Author: Juliet Marillier.
Published: November 4th 2014 by Roc Hardcover
Sort: Blackthorn & Grim #1.
In exchange for help escaping her long and wrongful imprisonment, embittered magical healer Blackthorn has vowed to set aside her bid for vengeance against the man who destroyed all that she once held dear. Followed by a former prison mate, a silent hulk of a man named Grim, she travels north to Dalriada. There she'll live on the fringe of a mysterious forest, duty bound for seven years to assist anyone who asks for her help. Oran, crown prince of Dalriada, has waited anxiously for the arrival of his future bride, Lady Flidais.
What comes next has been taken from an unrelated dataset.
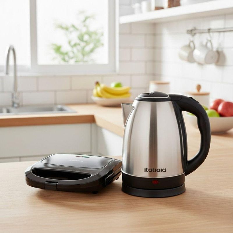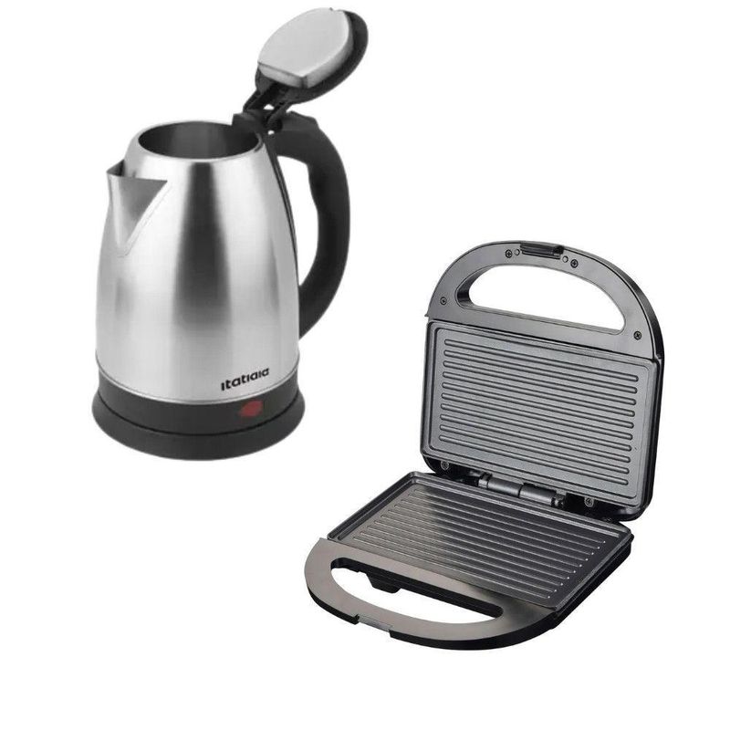 Kit Itatiaia Chaleira Elétrica 1,8l E Grill/sanduicheira Preto/inox 220 VO Kit Itatiaia Essencial une dois eletrodomesticos essenciais para sua rotina: a Chaleira Eletrica 1,8 L e o Grill / Sanduicheira 750W. Com esse combo, voce prepara bebidas quentes com rapidez e ainda grelha sanduiches, carnes ou lanches de forma pratica e segura.A chaleira, com 1500 W, ferve agua rapidamente e tem corpo em inox, alca isolante e base removivel, oferecendo eficiencia e seguranca para o dia a dia. Ja o grill/sanduicheira traz potencia de 750 W, placas antiaderentes, trava de seguranca na alca e LEDs indicadores, garantindo versatilidade no preparo sem sacrificar a praticidade. Este kit e ideal para quem quer otimizar espaco na cozinha, com aparelhos compactos, duraveis e faceis de limpar. Perfeito para apartamentos, cozinhas minimalistas ou para quem valoriza agilidade e praticidade no preparo de refeicoes e bebidas. Manutencao e cuidados: Limpe a chaleira com pano umido e sabao neutro; para o grill, use pano ou esponja macia e evite produtos abrasivos para preservar o antiaderente. Chaleira Itatiaia 1,8 L Marca: Itatiaia Potencia: 1500 W Capacidade: 1,8 Litros Alca: Isotermica Acionamento: Botao liga/desliga Base: Removivel Medidas: 21,5 cm x 18,3 cm x 14,5 cm Grill / Sanduicheira Itatiaia Essencial 750W Potencia: 750 W Temperatura maxima: ate 200 C Chapa: Grill antiaderente ondulada Alca: Com trava de seguranca Luz indicadora de funcionamento: Sim Base antiderrapante: Sim Medidas: 7,2 cm x 21,7 cm x 21,7 cm

He knows her only from a portrait and sweetly poetic correspondence that have convinced him Flidais is his destined true love. But Oran discovers letters can lie. For although his intended exactly resembles her portrait, her brutality upon arrival proves she is nothing like the sensitive woman of the letters. With the strategic marriage imminent, Oran sees no way out of his dilemma. Word has spread that Blackthorn possesses a remarkable gift for solving knotty problems, so the prince asks her for help. To save Oran from his treacherous nuptials, Blackthorn and Grim will need all their resources: courage, ingenuity, leaps of deduction, and more than a little magic.
People who follow me for a long time might get tired of this, but I’m going to repeat it again: I love Marillier and she’s one of my favorite authors. Her books always have something magical to me and while this first book didn’t live up to Daughter of the forest, I really enjoyed it and I’m impatiently waiting for the sequels.
Blackthorn and Grim share a prison. They are both captives for different reasons, but it is clear that Blackthorn is deeply traumatized and broken by something that happened in the past. She is out for revenge after she will be released, until she hears they are not planning to let her go. A mysterious guy offers her a way out. Desperately she takes his offer and conditions, which ends in her and Grim living in a small house tuck away in the forest in Dalriada.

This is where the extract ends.